Note: The late Pat Neil, owner of Collectible Trains & Toys, a train store formerly located in Dallas, Texas, commissioned a Texas Special train in three-rail 0-Gauge with the firm K-Line. Although the prototype Texas Special did not have a vista-dome car, he felt that any respectable model of the Texas Special would include a dome car. So, the K-line model train included such a car, named after his wife, Cheri S.Neil.

==Preservation==
- Although many of the cars from the Texas Special were scrapped, there still are surviving examples. These include -
  - J. Pinckney Henderson is owned by a private owner and is an Amtrak certified private car
  - Eugene Field is currently in the collection of the Arizona Railway Museum in Chandler, Arizona
  - New Braunfels is owned by the National Railway Historical Society and is located in Houston, Texas
  - Joseph Pulitzer resides near San Luis Obispo, California
  - McAlester, 1206, owned by the PBS TV show, Great Scenic Railway Journeys. Currently in North Carolina.

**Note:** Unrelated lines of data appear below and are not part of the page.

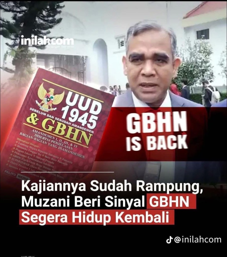 Majelis Permusyawaratan Rakyat (MPR), melalui Ketua-nya Ahmad Muzani, menyatakan bahwa draf PPHN ( Pokok‑Pokok Haluan Negara ) telah “selesai dirumuskan” dan akan dibahas dengan Prabowo Subianto sebagai Presiden RI. PPHN sebagai versi baru dari GBHN menghadirkan peluang strategis menyusun arah pembangunan nasional secara terstruktur. Namun, agar tidak menjadi dokumen retorik, perlu diputuskan secara jelas bentuk hukum penerapannya (Tap MPR, UU, atau kombinasi) serta mekanisme implementasi dan supervisinya.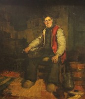 gr. Gemälde von Hermann GÖHLER (1874-1959), Personen am See, Öl/Leinwand, gerahmt, Rahmen beschädigt, RG 84 x 93cm, Sperrgutversand
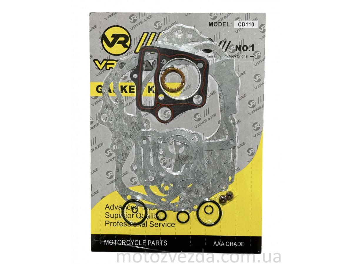 Комплект прокладок двигуна VR GS-110 Active є повним набором всіх необхідних ущільнювальних елементів, призначений для ремонту та обслуговування 4-тактних двигунів мопедів Alpha, Delta, Active та їх аналогів з об'ємом 110 куб. см та діаметром циліндра 52.4 мм.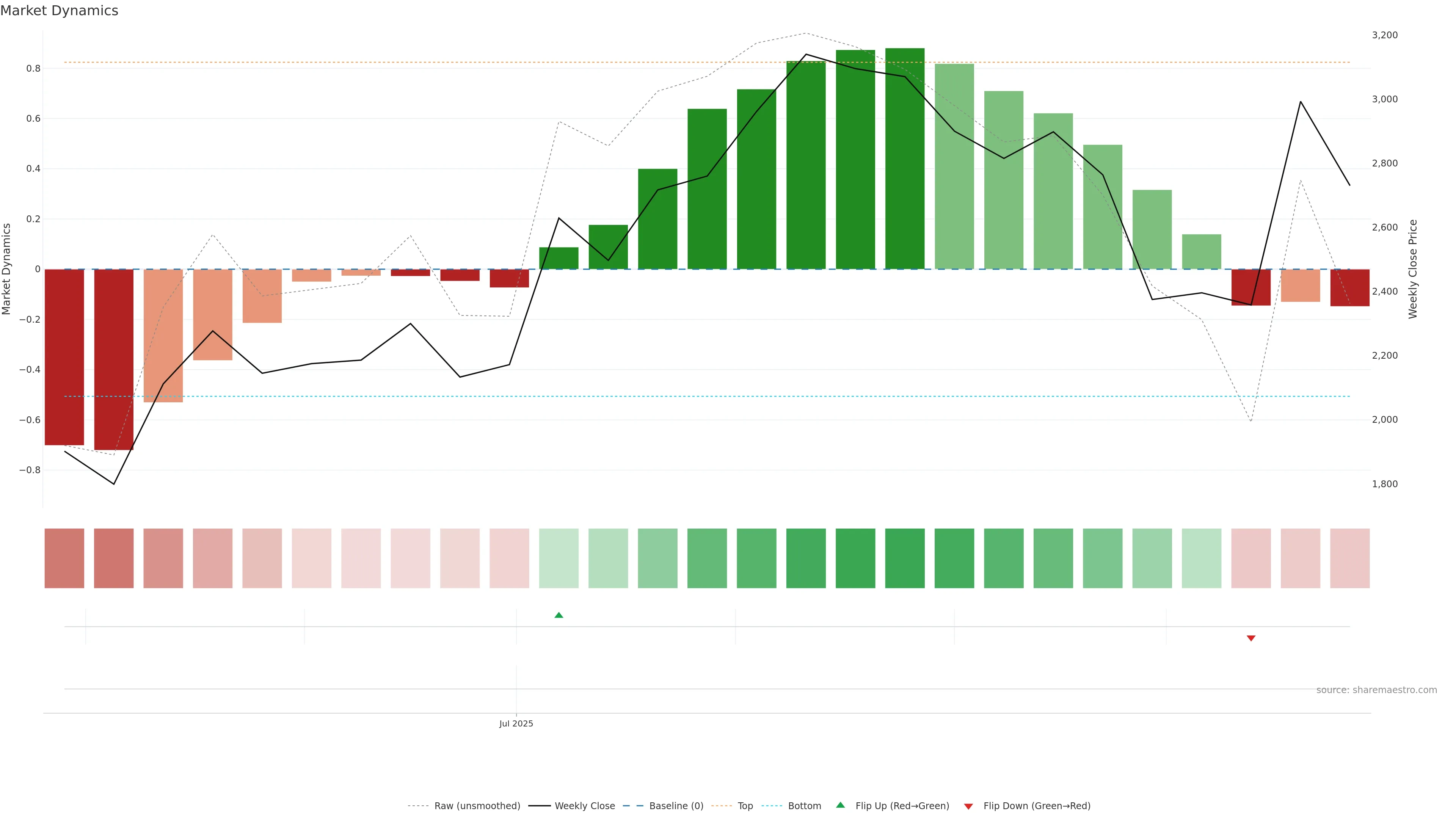 Recent ribbon flip to red. — First bars of a new state can build trend.

  - Tempe, 1301, owned by the PBS TV show, Great Scenic Railway Journeys. Currently in North Carolina.

==In popular culture==
- The Texas Special is a popular prototype in Model Railroading. Texas Special trains have been produced by:
  - Lionel
  - MTH
  - Williams
  - Kusan
  - Con-Cor
  - American Models produced a trainset in S-gauge (1/64) using prototypical car names and E-8 locomotives.
- Hallmark Models, Inc., a model train manufacturer has produced E7 diesels in red and silver without lettering, so that modelers can customize them for either a Texas Special or Meteor train.
- Hallmark produced a Texas Special train in the Keepsake Ornaments range.
- Overland Models an importer of brass trains, also produced the E7 diesels and train cars.